The Everglades Jetport Reimagined

The Future is Here

7/10/2025

What once sounded like satire has quickly become reality. Alligator Alcatraz is operational. But now that it exists, we must ask a much larger question: What comes next? Because this isn't just about one facility or even about detaining undocumented immigrants in remote areas. It's about precedent. It's about development creep. It's about the future of South Florida’s most fragile and vital ecosystems.

Alligator Alcatraz wasn’t built in isolation. It was built on the bones of a failed dream: the Everglades Jetport. Conceived in the 1960s as a grand international gateway for supersonic travel, the project was mostly abandoned after environmental outcry. Only one runway was ever constructed. The project also envisioned high-speed rail service as part of its overall vision to become the “travel hub of the future.” The surrounding wilderness, by some miracle, was spared from becoming a sprawling concrete transportation hub.

Until now.

Opposition wasn’t the only reason the Jetport was never finished. Supersonic travel didn’t take off as expected. The only supersonic plane to go into service was the Concorde, and it wasn’t as successful as industry experts predicted. As much as we like to believe in our wins, sometimes it just comes down to luck. If there is any lesson we can learn from recent events, it is that the government will overcome any obstacle.

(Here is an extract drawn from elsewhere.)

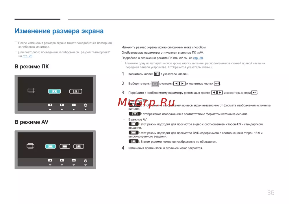 Узнайте, как изменить размер экрана и провести повторную калибровку монитора в режимах ПК и AV. Подробные инструкции и советы по настройке.

The logic that justified the detention center can just as easily support the next phase. Why not reimagine the Jetport once more? After all, Brightline is operating and expanding quickly. Supersonic travel is back in the discussion and under development. With the idea of reviving the Jetport, a new train station in Stuart seems inevitable. And if the Jetport gets a second chance, so will the infrastructure that once threatened to turn the Everglades into ribbons of concrete and steel.

Imagine railroad tracks across the Everglades. Highways snaking in from every direction. Terminals, hotels, and gas stations will rise where wetlands, cypress forests, and slow-moving water once dominated. If the Disneyesque vision of South Florida becomes a reality, the Everglades would lose its identity, sacrificed bit by bit under the banner of “repurposing” and “smart growth.”

It starts small. A detention center. Then maybe an immigration court. Then transportation to and from the site. Security stations. Road improvements. A Brightline stop. And soon, we’ve walked straight back into the 1960s master plan to urbanize the Everglades.

What’s being presented as a standalone solution to a national problem could turn into a Trojan horse for unchecked development. The question isn’t whether the detention center is necessary; it’s what kind of future are we creating?

Every time we make room for a “temporary” solution, we pave the way for permanent consequences.

South Florida cannot afford to sleep through this. Residents, conservationists, and planners must recognize that Alligator Alcatraz is not the end of the story; it’s the beginning of a new chapter. And without resistance, it could be the first domino in a long-forgotten plan to build a mega-region on top of a natural wonder.

If we care about the future of Florida, our water, our wildlife, and our open spaces, we must speak up now. Because once the tracks are laid and the roads are paved, there’s no turning back.